Situação inédita minimizada pelo Executivo

Essa situação, sem precedentes na história da França, é minimizada pelo Executivo, que tem reiterado constantemente que ele ainda é "presumivelmente inocente". A primeira-ministra francesa Élisabeth Borne manteve sua "total confiança" em Dupont-Moretti no final de julho, durante um remanejamento no goveno e logo após o Tribunal de Cassação validar o encaminhamento o ministro ao Tribunal de Justiça da República. 

Eric Dupond-Moretti também saiu fortalecido depois que seu principal projeto de lei de programação da Justiça foi aprovado sem grandes dificuldades no Parlamento, em outubro. Mas se for condenado, terá que renunciar. Essa "regra é clara", disse a primeira-ministra há algumas semanas.

Na segunda-feira, o ministro da Justiça descreveu seu julgamento como uma "infâmia" para ele e para aqueles "próximos a ele", em sua primeira aparição perante o Tribunal de Justiça da República (CJR).

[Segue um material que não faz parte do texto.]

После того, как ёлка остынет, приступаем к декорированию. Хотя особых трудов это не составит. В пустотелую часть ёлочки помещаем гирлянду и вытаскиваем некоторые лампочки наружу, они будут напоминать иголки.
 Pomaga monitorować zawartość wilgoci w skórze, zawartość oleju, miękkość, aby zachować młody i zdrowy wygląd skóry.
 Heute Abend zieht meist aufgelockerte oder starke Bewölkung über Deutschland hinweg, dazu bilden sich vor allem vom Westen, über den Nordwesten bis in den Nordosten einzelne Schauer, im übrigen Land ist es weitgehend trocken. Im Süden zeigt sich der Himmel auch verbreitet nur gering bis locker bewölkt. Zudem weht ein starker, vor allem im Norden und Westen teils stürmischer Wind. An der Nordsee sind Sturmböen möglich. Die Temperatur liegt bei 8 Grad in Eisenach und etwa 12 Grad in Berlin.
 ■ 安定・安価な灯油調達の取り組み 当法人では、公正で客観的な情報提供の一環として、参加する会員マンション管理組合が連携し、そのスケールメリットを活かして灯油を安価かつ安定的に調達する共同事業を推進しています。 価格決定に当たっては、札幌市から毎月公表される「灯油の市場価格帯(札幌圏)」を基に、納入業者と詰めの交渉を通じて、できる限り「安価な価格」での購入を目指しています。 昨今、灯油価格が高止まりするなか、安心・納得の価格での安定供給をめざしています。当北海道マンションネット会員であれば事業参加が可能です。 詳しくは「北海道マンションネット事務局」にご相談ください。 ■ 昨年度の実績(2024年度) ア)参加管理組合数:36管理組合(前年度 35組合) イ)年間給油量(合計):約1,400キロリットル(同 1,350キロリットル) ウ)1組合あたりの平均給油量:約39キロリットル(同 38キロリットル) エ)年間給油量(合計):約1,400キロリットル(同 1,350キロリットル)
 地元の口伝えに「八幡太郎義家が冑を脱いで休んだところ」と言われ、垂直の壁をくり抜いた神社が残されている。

"Até as últimas horas, eu não havia me defendido", disse o ministro ao tribunal, "basicamente para que meu ministério e minhas ações não fossem manchados". "Pretendo me defender com dignidade, integramente, mas pretendo me defender com firmeza", bradou.

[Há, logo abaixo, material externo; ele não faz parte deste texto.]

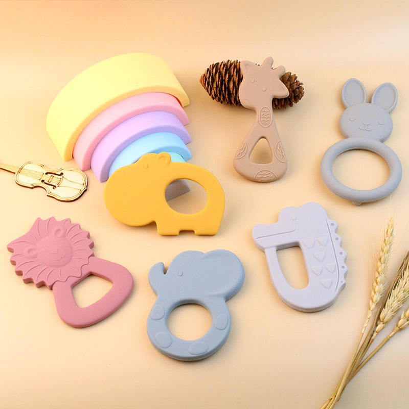 6 mesi massaggiagengive animale a forma di elefante leone caldo 100% dentini in gomma naturale in Silicone tegole masticato giocattolo per bambini
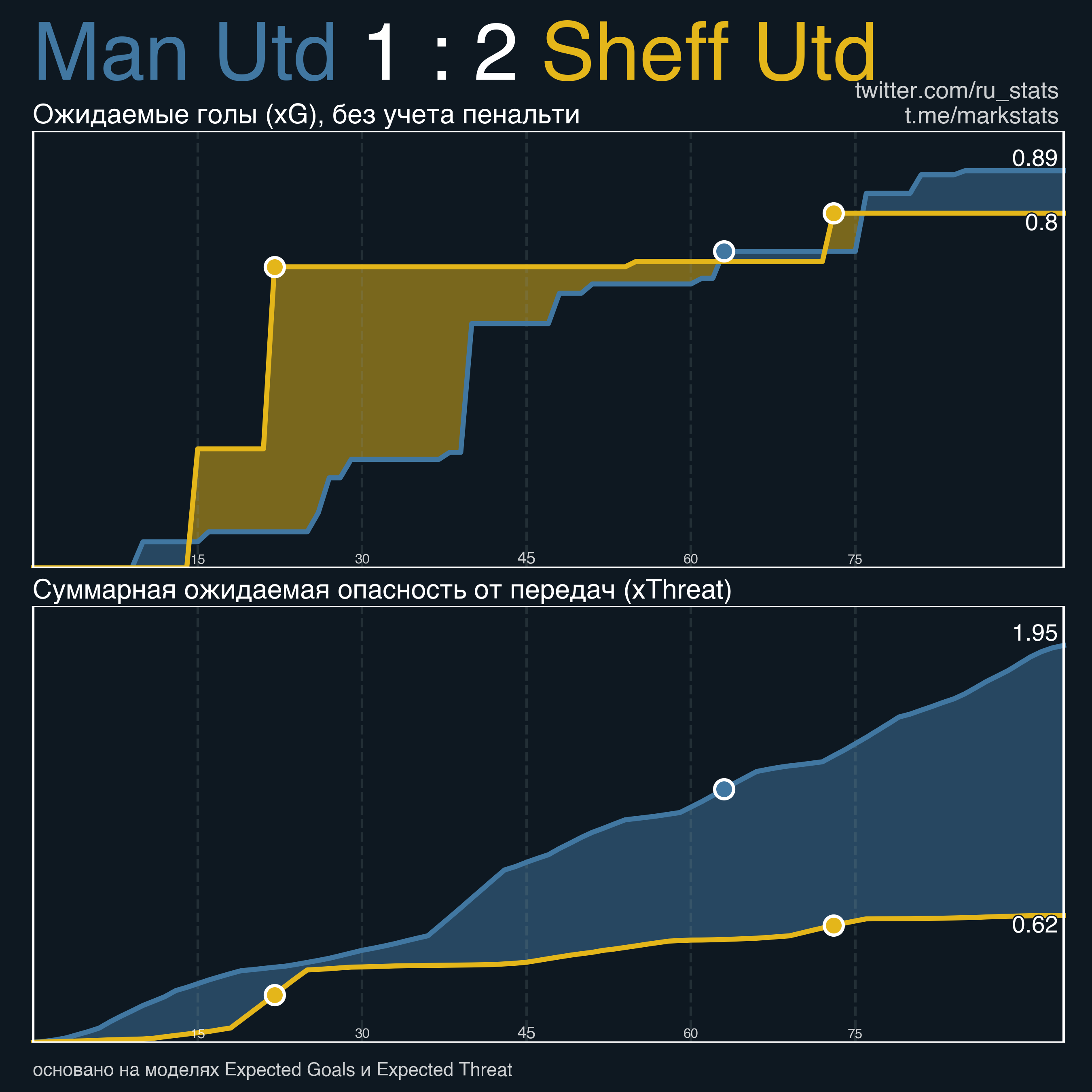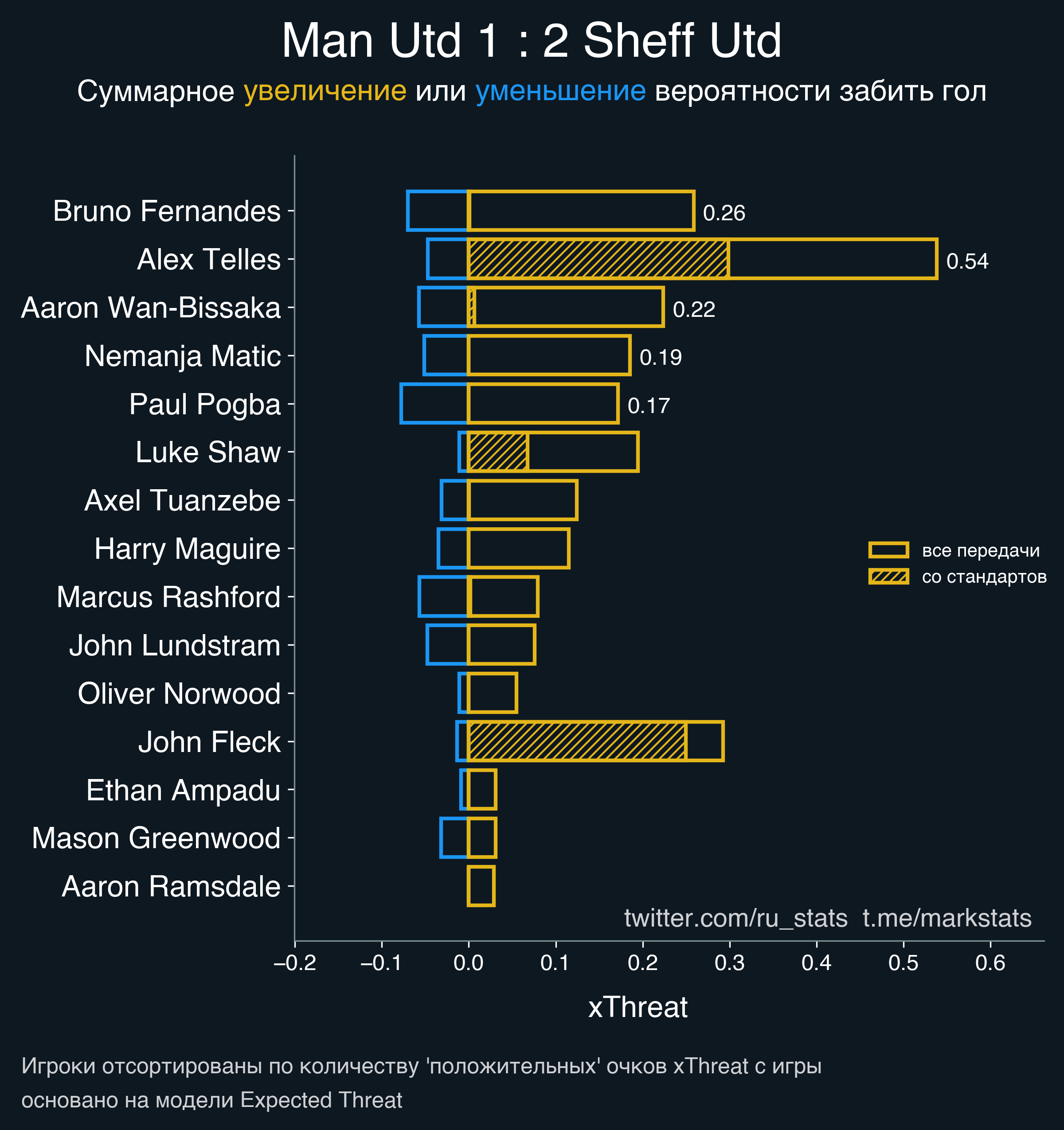 ▪ Ожидаемая опасность передач (xThreat): 1.97 - 0.62

"Sou advogado há 36 anos, alguns advogados me criticaram por não ser mais advogado, e alguns magistrados [me criticaram] por ter sido", apontou o acusado.

Jorge Mendes, advogado franco-lusitano em Marselha, disse à RFI que o caso pode colocar em xeque a credibilidade da Justiça francesa:

"Vamos ver os deputados o que vão falar. O ministro vai criticar os deputados que são políticos e isto não vai fazer bem à imagem da Justiça na França. Dupont-Moretti nunca deveria ser julgado por políticos [...] Isto pode abrir uma grande crise na França com este confronto entre a Justiça e a política. Eu não acredito que os deputados vão conseguir ultrapassar a sua posição política, com extrema-direita e extrema-esquerda [...] e vai ser um circo muito grave para Justiça", indicou o advogado francês de origem portuguesa em entrevista à RFI.

A audiência de segunda-feira será retomada na terça-feira (7), com o interrogatório de Eric Dupond-Moretti. Seu julgamento está programado para durar até 16 de novembro, e espera-se que a decisão do CJR seja levada em consideração.